Build trie faster

Bruce picture Bruce · Sep 23, 2013 · Viewed 10.5k times · Source

I'm making an mobile app which needs thousands of fast string lookups and prefix checks. To speed this up, I made a Trie out of my word list, which has about 180,000 words.

Everything's great, but the only problem is that building this huge trie (it has about 400,000 nodes) takes about 10 seconds currently on my phone, which is really slow.

Here's the code that builds the trie.

public SimpleTrie makeTrie(String file) throws Exception {
    String line;
    SimpleTrie trie = new SimpleTrie();

    BufferedReader br = new BufferedReader(new FileReader(file));
    while( (line = br.readLine()) != null) {
        trie.insert(line);
    }
    br.close();

    return trie;
}

The insert method which runs on O(length of key)

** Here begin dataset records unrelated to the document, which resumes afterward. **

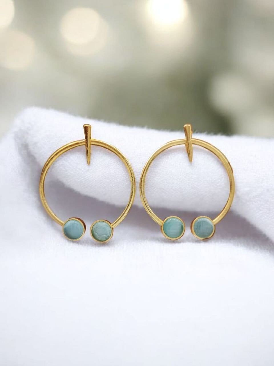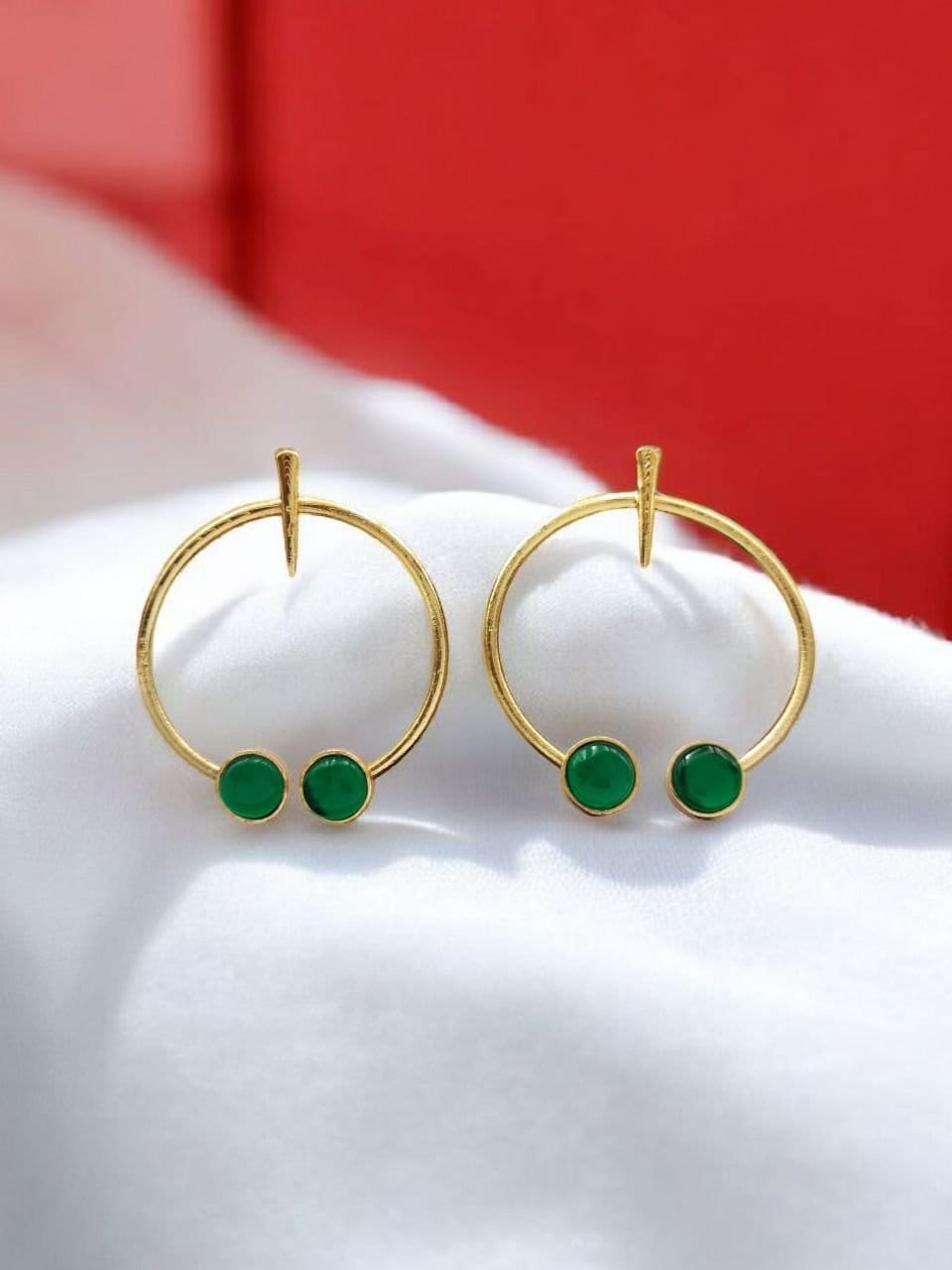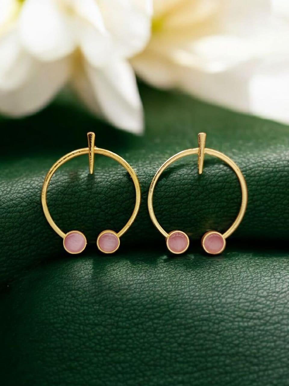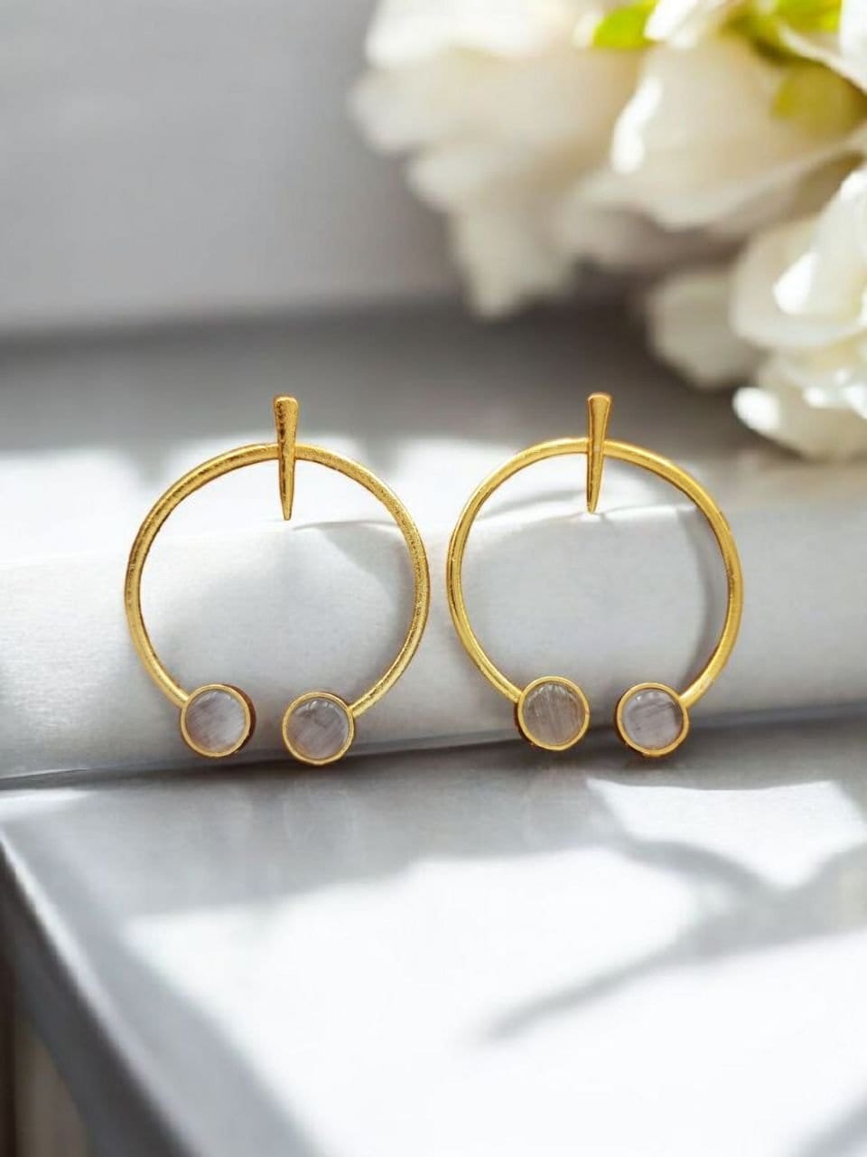 Upgrade your style with these Contemporary Golden Monalisa Stone Circle Stud Earrings and make a statement wherever you go. Shop now and embrace elegance with this best & stylish jewelry piece.
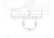 Die Großform der Klinik auf der benachbarten Anhöhe verlangt nach einer markanten Form mit starker Präsenz. Ein Kreis kann dies leisten, zusammen mit einem langen Gebäuderiegel als Halt gebendem Rücken, der das Ensemble trotz der enormen Dimensionen wie selbstverständlich in der Topografie des leichten Hangs verankert.
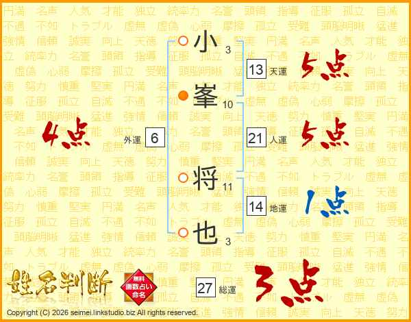 小峯将也さんの総運は27画の3点!

public void insert(String key) {
    TrieNode crawler = root;
    for(int level=0 ; level < key.length() ; level++) {
        int index = key.charAt(level) - 'A';
        if(crawler.children[index] == null) {
            crawler.children[index] = getNode();
        }
        crawler = crawler.children[index];
    }
    crawler.valid = true;
}

I'm looking for intuitive methods to build the trie faster. Maybe I build the trie just once on my laptop, store it somehow to the disk, and load it from a file in the phone? But I don't know how to implement this.

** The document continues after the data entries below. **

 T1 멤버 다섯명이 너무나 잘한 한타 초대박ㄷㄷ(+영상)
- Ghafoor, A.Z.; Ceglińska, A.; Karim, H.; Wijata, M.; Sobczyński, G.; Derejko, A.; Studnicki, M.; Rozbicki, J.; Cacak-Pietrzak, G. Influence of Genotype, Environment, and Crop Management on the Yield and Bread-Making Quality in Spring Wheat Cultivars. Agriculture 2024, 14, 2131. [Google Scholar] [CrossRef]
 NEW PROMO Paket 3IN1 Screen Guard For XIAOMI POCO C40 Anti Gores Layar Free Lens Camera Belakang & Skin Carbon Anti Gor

Or are there any other prefix data structures which will take less time to build, but have similar lookup time complexity?

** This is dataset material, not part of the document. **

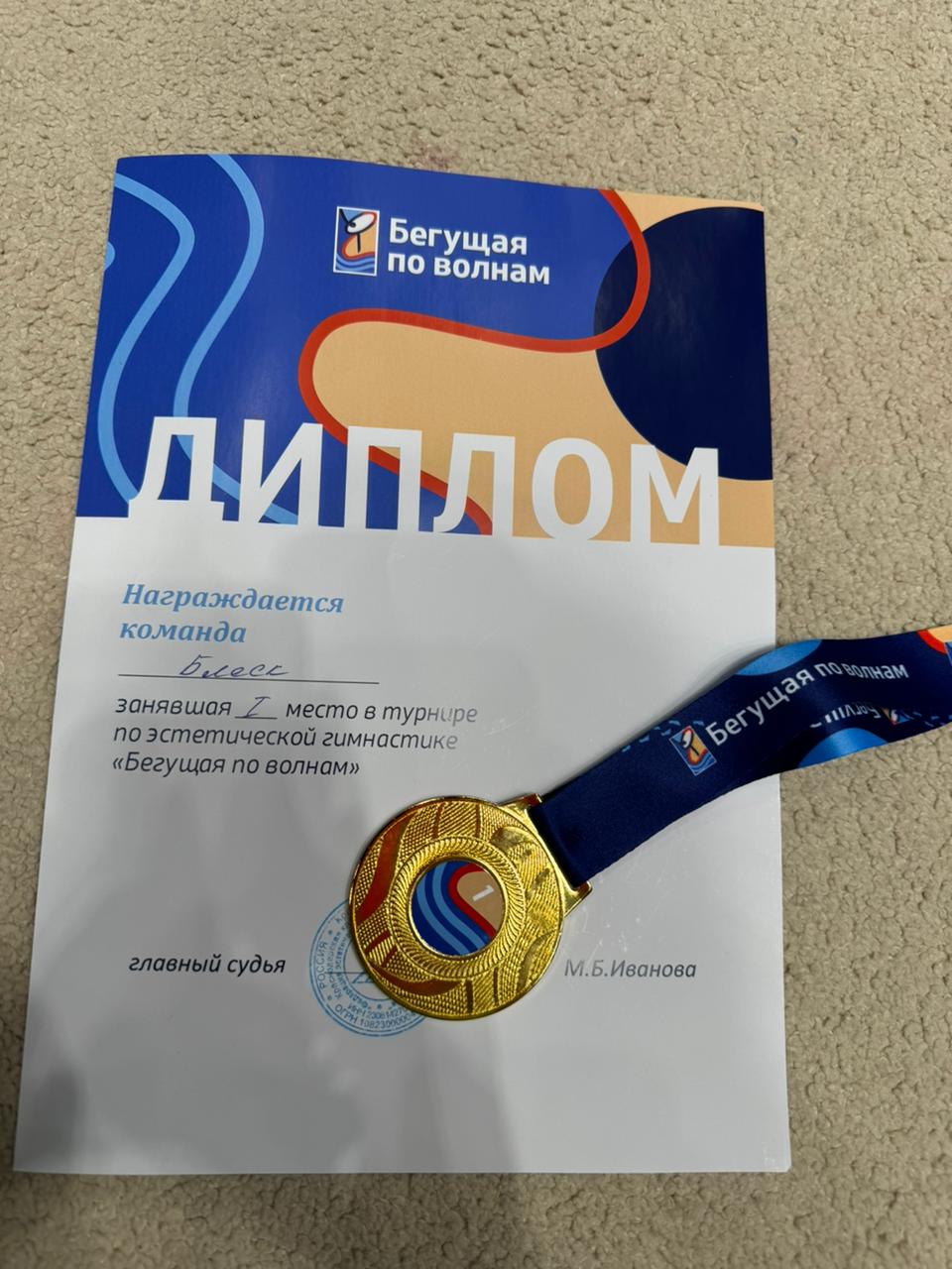 – выиграла золото в турнире по эстетической гимнастике Всероссийских соревнований «Бегущая по волнам»!

Any suggestions are appreciated. Thanks in advance.

EDIT

Someone suggested using Java Serialization. I tried it, but it was very slow with this code:

public void serializeTrie(SimpleTrie trie, String file) {
        try {
            ObjectOutput out = new ObjectOutputStream(new BufferedOutputStream(new FileOutputStream(file)));
            out.writeObject(trie);
            out.close();
        } catch (IOException e) {
            e.printStackTrace();
        }
    }

    public SimpleTrie deserializeTrie(String file) {
        try {
            ObjectInput in = new ObjectInputStream(new BufferedInputStream(new FileInputStream(file)));
            SimpleTrie trie = (SimpleTrie)in.readObject();
            in.close();
            return trie;
        } catch (IOException | ClassNotFoundException e) {
            e.printStackTrace();
            return null;
        }
    }

Can this above code be made faster?

My trie: http://pastebin.com/QkFisi09

Word list: http://www.isc.ro/lists/twl06.zip

Android IDE used to run code: http://play.google.com/store/apps/details?id=com.jimmychen.app.sand

Answer

Mikhail Korobov picture Mikhail Korobov · Sep 27, 2013

Double-Array tries are very fast to save/load because all data is stored in linear arrays. They are also very fast to lookup, but the insertions can be costly. I bet there is a Java implementation somewhere.

Also, if your data is static (i.e. you don't update it on phone) consider DAFSA for your task. It is one of the most efficient data structures for storing words (must be better than "standard" tries and radix tries both for size and for speed, better than succinct tries for speed, often better than succinct tries for size). There is a good C++ implementation: dawgdic - you can use it to build DAFSA from command line and then use a Java reader for the resulting data structure (example implementation is here).